• [Saved data entries]
● ● ● ●
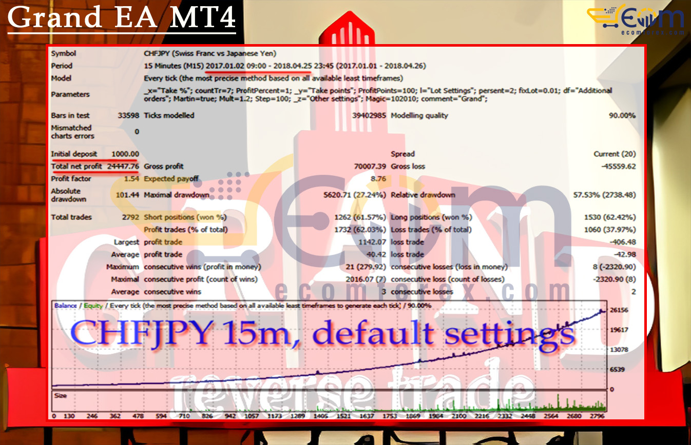 Grand EA MT4 is a fully automated trading system designed exclusively for the CHFJPY pair on the M15 timeframe. It has showcased verified performance under real market conditions, delivering consistent profitability with adaptive trend and risk management.
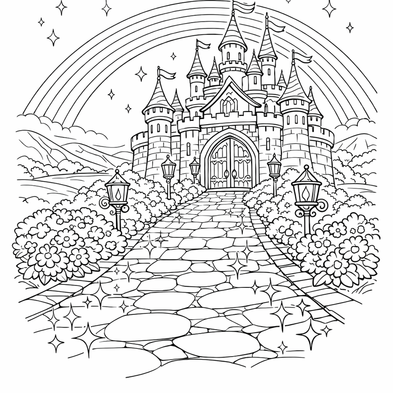 Unicorn Castle Coloring Page — A Rainbow Leading To A Sparkling Unicorn Castle
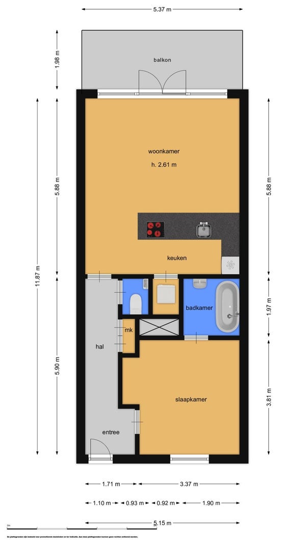 -Woonoppervlakte circa 61 m² (NEN2580-meetrapport aanwezig);
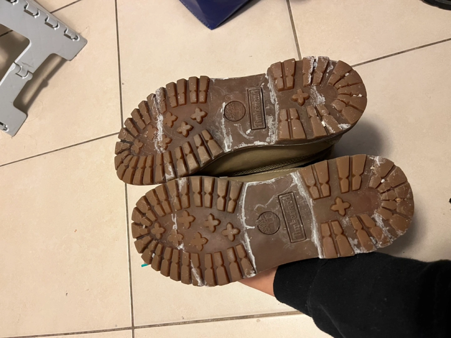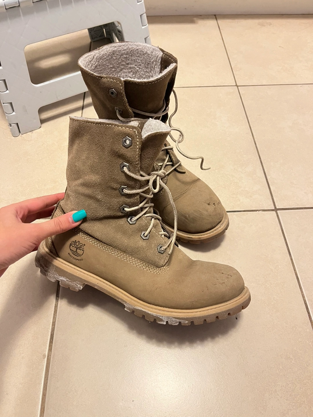 Tan suede boots with laces and a brown sole. They have a fleece lining. They are in great condition with lots of life left
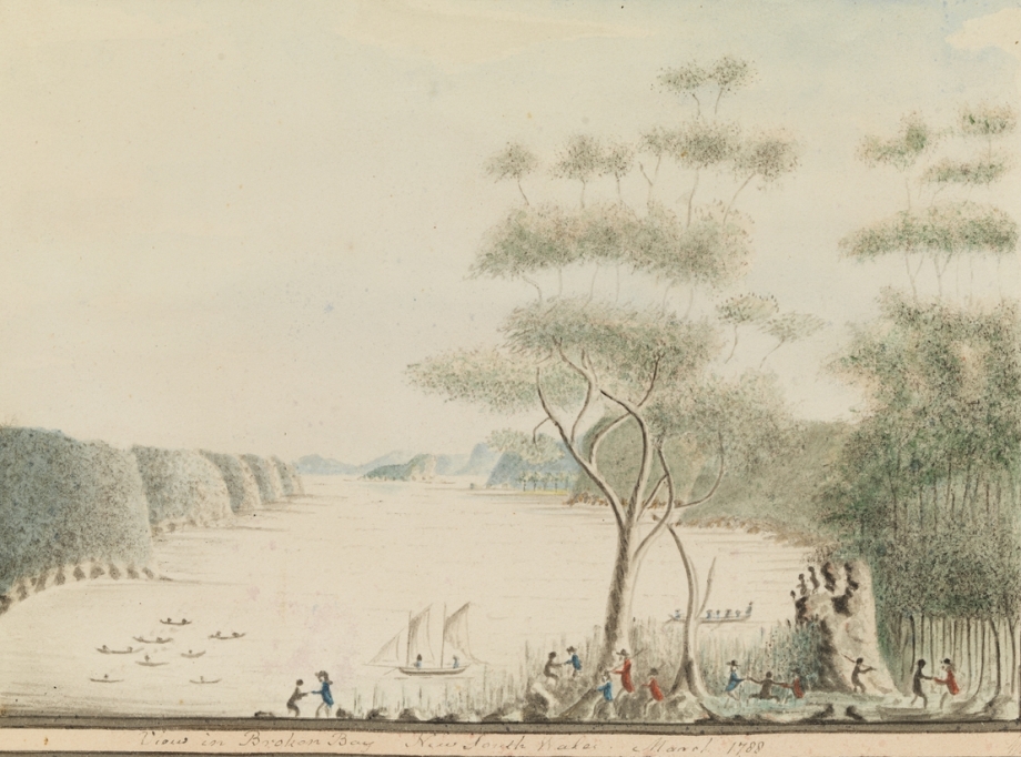'SW. Arm of Broken Bay New South Wales from an Island at the Entrance. Sepr 1789' by William Bradley - Drawings from his journal `A Voyage to New South Wales', 1802+ , Image No.:a3461014, courtesy State Library of New South Wales.
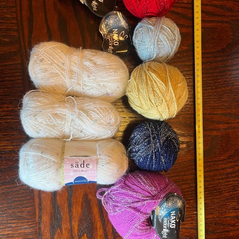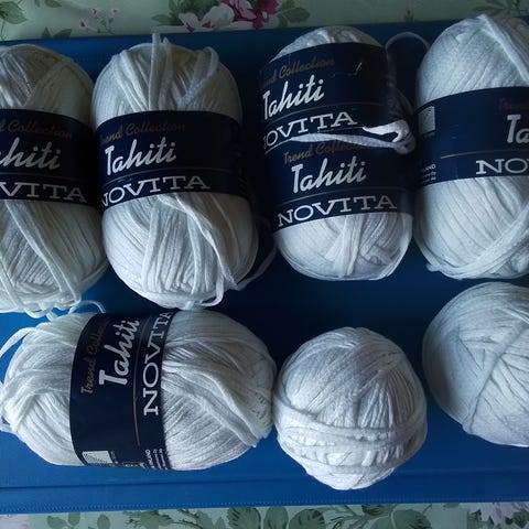 Novita teddy vaalea beige 100g, oranssia samantyylistä lankaa 212g. Oranssin merkistä ei tietoa.
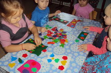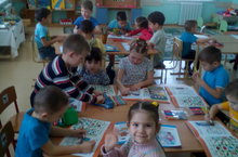 Зурлар һәм мәктәпкә әзерлек төркеме балалары бүген милли киемнәр турында алган белемнәренә нәтиҗә ясадылар. Кул эшләрен алар татар халкының орнаментлары белән бизәделәр.
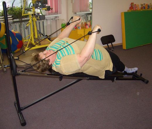 Определенным преимуществом использования тренажеров являлась относительная легкость освоения техники упражнений, безопасность и удобство внесения изменений в нагрузку при помощи варьирования величины отягощений. При проведении занятий использовались упражнения, требующие вовлечения большого количества сохраненных мышечных групп или наиболее крупных из них. Предпочтение отдавалось методу круговой тренировки.
● ● ● ●
• [Problem to solve] Say again, exactly, only those lines of the records that run from the start through the line with "Зурлар һәм мәктәпкә". Pictures are to be skipped.

• [Response box]
 Grand EA MT4 is a fully automated trading system designed exclusively for the CHFJPY pair on the M15 timeframe. It has showcased verified performance under real market conditions, delivering consistent profitability with adaptive trend and risk management.
 Unicorn Castle Coloring Page — A Rainbow Leading To A Sparkling Unicorn Castle
 -Woonoppervlakte circa 61 m² (NEN2580-meetrapport aanwezig);
 Tan suede boots with laces and a brown sole. They have a fleece lining. They are in great condition with lots of life left
'SW. Arm of Broken Bay New South Wales from an Island at the Entrance. Sepr 1789' by William Bradley - Drawings from his journal `A Voyage to New South Wales', 1802+ , Image No.:a3461014, courtesy State Library of New South Wales.
 Novita teddy vaalea beige 100g, oranssia samantyylistä lankaa 212g. Oranssin merkistä ei tietoa.
 Зурлар һәм мәктәпкә әзерлек төркеме балалары бүген милли киемнәр турында алган белемнәренә нәтиҗә ясадылар. Кул эшләрен алар татар халкының орнаментлары белән бизәделәр.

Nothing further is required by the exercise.